Klappt aber nicht. Ist wahrscheinlich komplett falsch. Bin auf dem Gebiet neu und hab momentan keine Ahnung, wie ich das Problem anderweitig lösen sollte. Im ersten Codeabschnitt ist das Menü beschrieben. Deren Aussehen ist in einer css-Datei beschrieben. Funktioniert auch alles. Nur nicht das Öffnen der jsp bzw Servlets in einer bestimmten Tabellenzelle. Muss ich dann mit frames arbeiten?


----------



## LordSam (9. Mai 2006)

Hallo K-Man,

bei klassischen Web-Anwendungen wird immer die gesamte HTML Seite übertragen und muss danach komplett neu aufgebaut werden. In deinem Fall müsstest Du also den Request wieder an die JSP (bzw. erst an ein Servlet und dann wieder an die JSP) übermitteln, so wie Du es schon angedeutet hast.

Dein Code sieht auch soweit i.O. aus und sollte funktionieren - was genau klappt denn daran nicht?

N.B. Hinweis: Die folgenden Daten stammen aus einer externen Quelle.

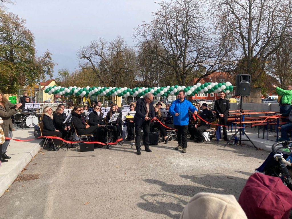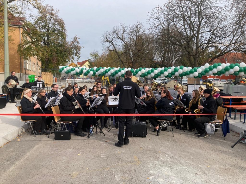 Das Blasorchester des Musikverein Betzingens unter der Leitung von Joachim Kromer begleitete die Einweihung der neuen Brücke musikalisch. Beginnend mit dem Fliegermarsch und Abba Gold sorgten sie für einen feierlichen Rahmen der Ansprachen durch Oberbürgermeister Thomas Keck und Bezirksbürgermeister Friedemann Rupp, die auch das rote Band durchtrennten. Besonders imposant waren dabei die farbigen Rauchpatronen auf beiden Seiten der Brücke, die in diesem Moment gezündet wurden. Auch nach dem offiziellen Teil ging es mit einem abwechslungsreichen Programm aus volkstümlichen und modernen Stücken weiter.

Um dein ursprüngliches Ziel zu erreichen, nur ein Element in deiner HTML Seite zu aktualisieren, musst Du auf DHTML/JavaScript und AJAX zurückgreifen. Vom Prozess sieht das dann so aus, das du bei Click auf einen Link eine JavaScript funktion aufrufst, die einen request an das Servlet schickt und das Ergebniss dann in die Seite einfügt.

Dazu solltest Du mal nach XmlHttpRequest und element.outerHTML googeln. Es gibt auch Frameworks/Tools etc. die speziel auf diese Methodik ausgelegt sind, z.B. jWic (www.jwic.de).


----------



## K-Man (15. Mai 2006)

Danke für die Antwort und Sorry für die späte Antwort.
Ich hab es jetzt mit Frames gemacht, da geht es ohne Probleme. Da lasse ich einfach ein Servlet in einem Frame starten, welches die Anfrage an eine jsp-Seite weiterleitet. So gehts jetzt ohne Probleme...nochmals danke..


----------